[[ SUPPLIED ENTRIES, beginning ]]
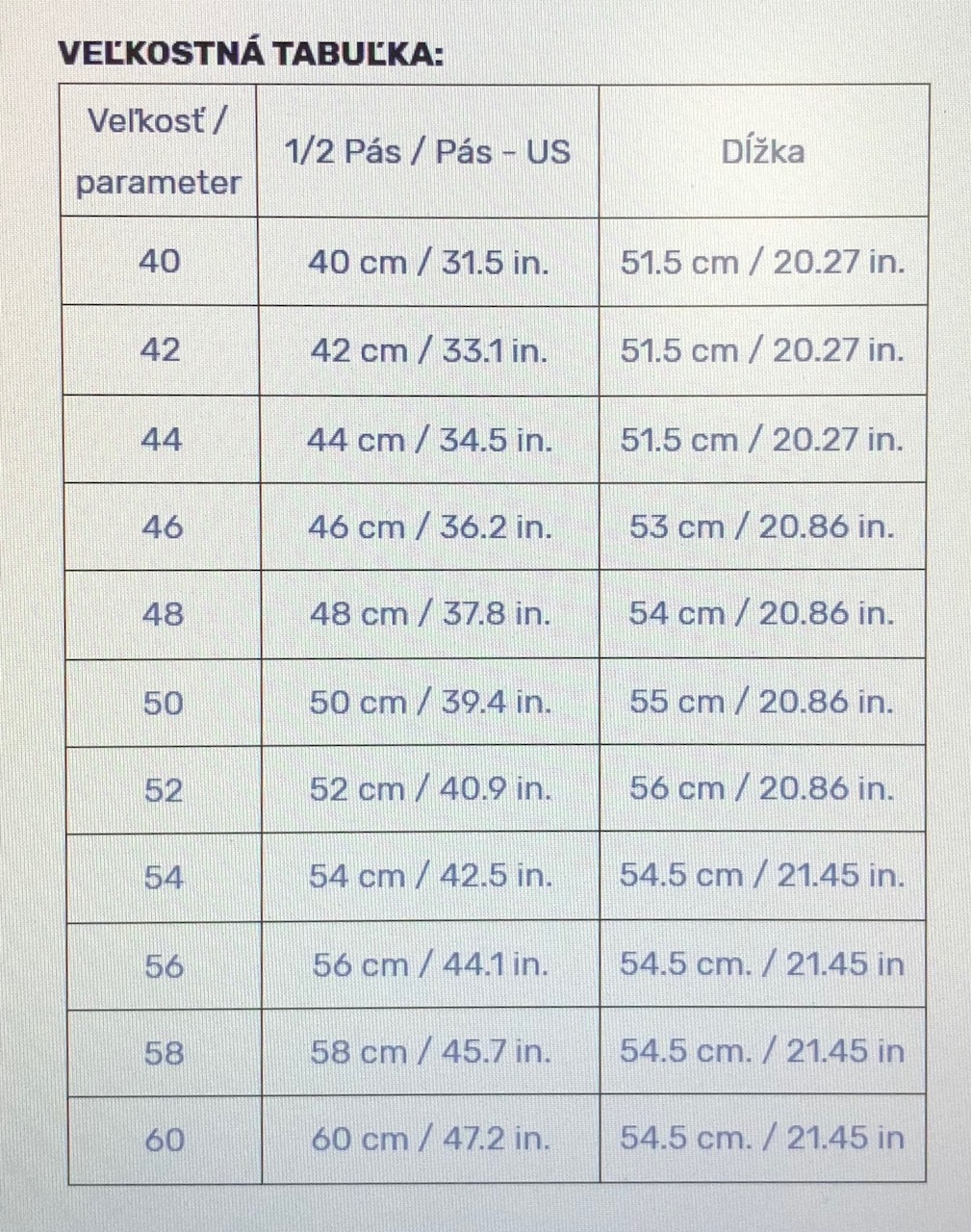 – uvedená veľkosť znamená polovicu obvodu v páse v cm (napr. velkosť č.40 = 80cm v páse)
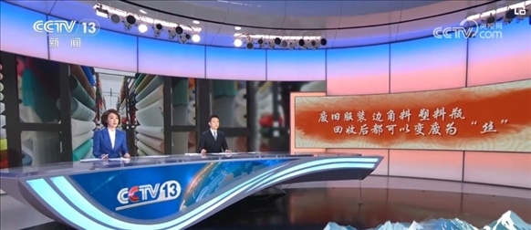 萬物皆可“織”是我們尋找紡織原料的目標(biāo)。廢舊服裝、邊角料、塑料瓶,回收后都可以變廢為“絲”。8個廢舊塑料瓶抽出的滌綸絲,就可以織成一件男士T恤衫。
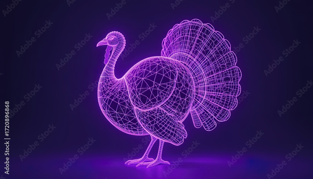 • A vibrant, glowing wireframe turkey, highlighted in a deep violet light, showcases intricate details of its form against a dark backdrop.
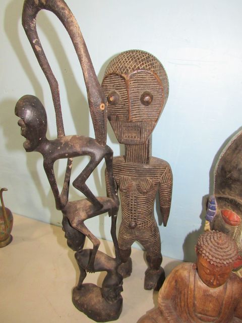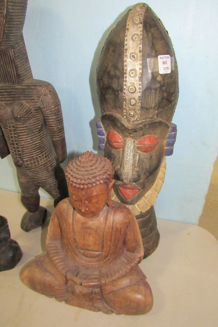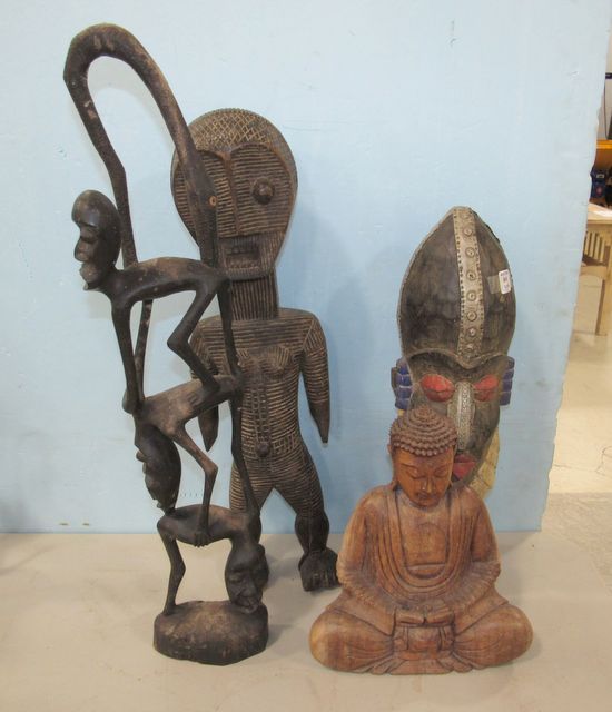 African carved tribal figure (has crack) 24"h., Tribal carved unusual statue (has crack) 26"h., Carved Tribal Mask statue 20"h., wood carved Buddha 11"h. African carved tribal figure (has crack) 24"h., Tribal carved unusual statue (has crack) 26"h., Carved Tribal Mask statue 20"h., wood carved Buddha 11"h.
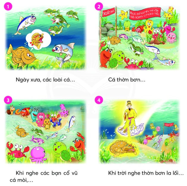 * Tranh 1: Ngày xưa, các loài cá sống cùng với nhau nhưng lại không chơi với nhau. Chúng không những không đoàn kết mà còn thường xuyên xảy ra xích mích. Những con cá lớn thường ỷ mạnh và khỏe để bắt nạt những con cá yếu ớt. Để thay đổi tình hình hiện tại, họ nhà cá đã họp nhau tổ chức cuộc thi bơi để chọn ra chú cá bơi nhanh nhất sẽ trở thành chúa tể. Với hy vọng mỗi khi họ nhà cá có ai bị bắt nạt, chúa tể sẽ bơi tới thật nhanh để giúp đỡ.
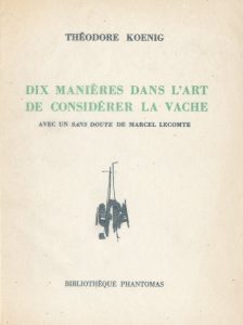 Dix manières dans l'art de considérer la vache. Avec un sans doute de Marcel Lecomte. Brux., "Bibl. Phantomas", s.d. (ca 1954), plaquette in-12, br. Edit. orig. Envoi : "Cordialement au poète Claude Haeffely qui, que... T. Koenig, le 3.6.59".
[[ SUPPLIED ENTRIES, end ]]
**ABOUT THIS EXERCISE**: Skipping the pictures, transcribe each line above exactly as it appears.

**WRITTEN REPLY**:
 – uvedená veľkosť znamená polovicu obvodu v páse v cm (napr. velkosť č.40 = 80cm v páse)
 萬物皆可“織”是我們尋找紡織原料的目標(biāo)。廢舊服裝、邊角料、塑料瓶,回收后都可以變廢為“絲”。8個廢舊塑料瓶抽出的滌綸絲,就可以織成一件男士T恤衫。
 • A vibrant, glowing wireframe turkey, highlighted in a deep violet light, showcases intricate details of its form against a dark backdrop.
 African carved tribal figure (has crack) 24"h., Tribal carved unusual statue (has crack) 26"h., Carved Tribal Mask statue 20"h., wood carved Buddha 11"h. African carved tribal figure (has crack) 24"h., Tribal carved unusual statue (has crack) 26"h., Carved Tribal Mask statue 20"h., wood carved Buddha 11"h.
 * Tranh 1: Ngày xưa, các loài cá sống cùng với nhau nhưng lại không chơi với nhau. Chúng không những không đoàn kết mà còn thường xuyên xảy ra xích mích. Những con cá lớn thường ỷ mạnh và khỏe để bắt nạt những con cá yếu ớt. Để thay đổi tình hình hiện tại, họ nhà cá đã họp nhau tổ chức cuộc thi bơi để chọn ra chú cá bơi nhanh nhất sẽ trở thành chúa tể. Với hy vọng mỗi khi họ nhà cá có ai bị bắt nạt, chúa tể sẽ bơi tới thật nhanh để giúp đỡ.
 Dix manières dans l'art de considérer la vache. Avec un sans doute de Marcel Lecomte. Brux., "Bibl. Phantomas", s.d. (ca 1954), plaquette in-12, br. Edit. orig. Envoi : "Cordialement au poète Claude Haeffely qui, que... T. Koenig, le 3.6.59".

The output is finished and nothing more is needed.